## Instructions to follow
Exclude the pictures, then repeat the remaining data exactly.

## Data excerpt
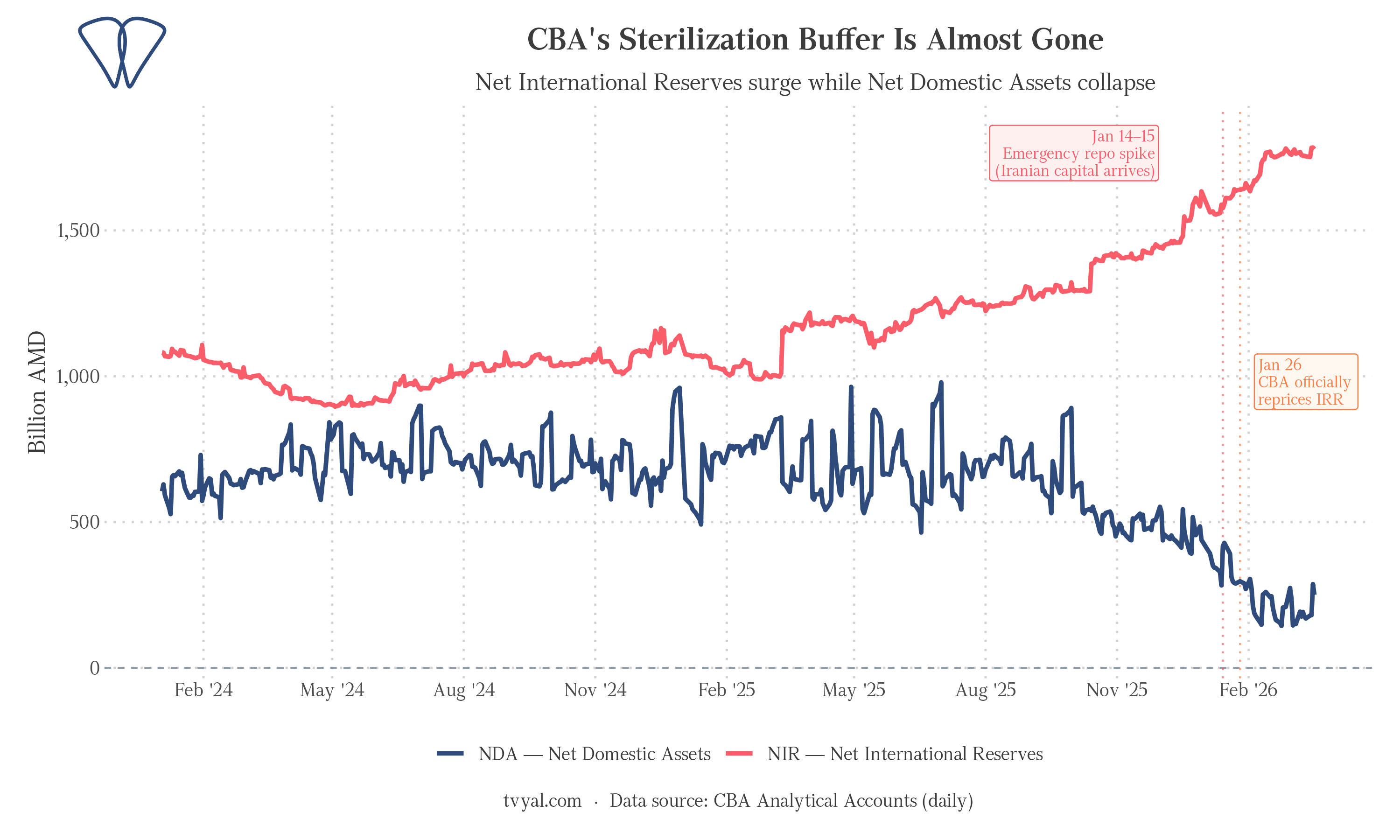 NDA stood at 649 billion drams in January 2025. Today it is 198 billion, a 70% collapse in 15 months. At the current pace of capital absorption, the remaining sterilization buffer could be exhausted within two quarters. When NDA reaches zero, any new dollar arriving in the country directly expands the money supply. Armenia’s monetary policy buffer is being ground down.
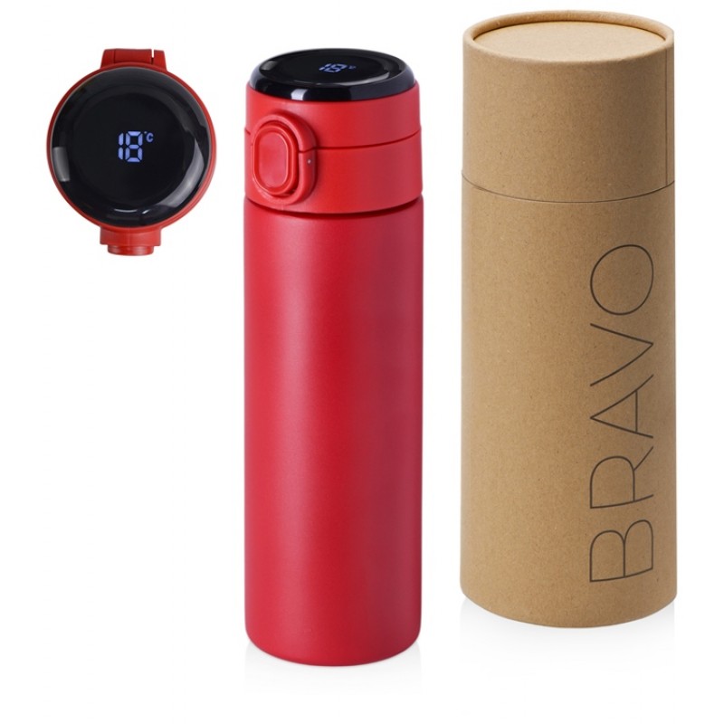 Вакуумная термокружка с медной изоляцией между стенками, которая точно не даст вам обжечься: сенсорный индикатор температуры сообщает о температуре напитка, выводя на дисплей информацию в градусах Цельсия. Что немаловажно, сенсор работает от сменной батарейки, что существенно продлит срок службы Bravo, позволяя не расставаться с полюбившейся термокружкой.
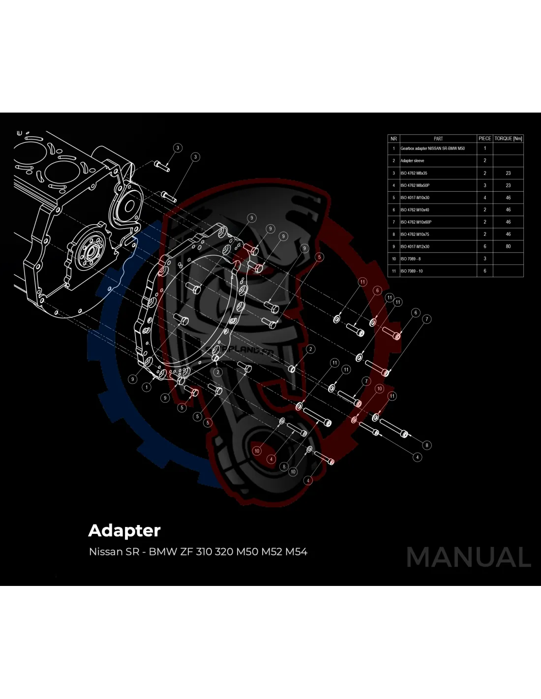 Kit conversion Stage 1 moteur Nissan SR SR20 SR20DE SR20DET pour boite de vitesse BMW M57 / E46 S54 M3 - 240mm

## Result of the exercise
 NDA stood at 649 billion drams in January 2025. Today it is 198 billion, a 70% collapse in 15 months. At the current pace of capital absorption, the remaining sterilization buffer could be exhausted within two quarters. When NDA reaches zero, any new dollar arriving in the country directly expands the money supply. Armenia’s monetary policy buffer is being ground down.
 Вакуумная термокружка с медной изоляцией между стенками, которая точно не даст вам обжечься: сенсорный индикатор температуры сообщает о температуре напитка, выводя на дисплей информацию в градусах Цельсия. Что немаловажно, сенсор работает от сменной батарейки, что существенно продлит срок службы Bravo, позволяя не расставаться с полюбившейся термокружкой.
 Kit conversion Stage 1 moteur Nissan SR SR20 SR20DE SR20DET pour boite de vitesse BMW M57 / E46 S54 M3 - 240mm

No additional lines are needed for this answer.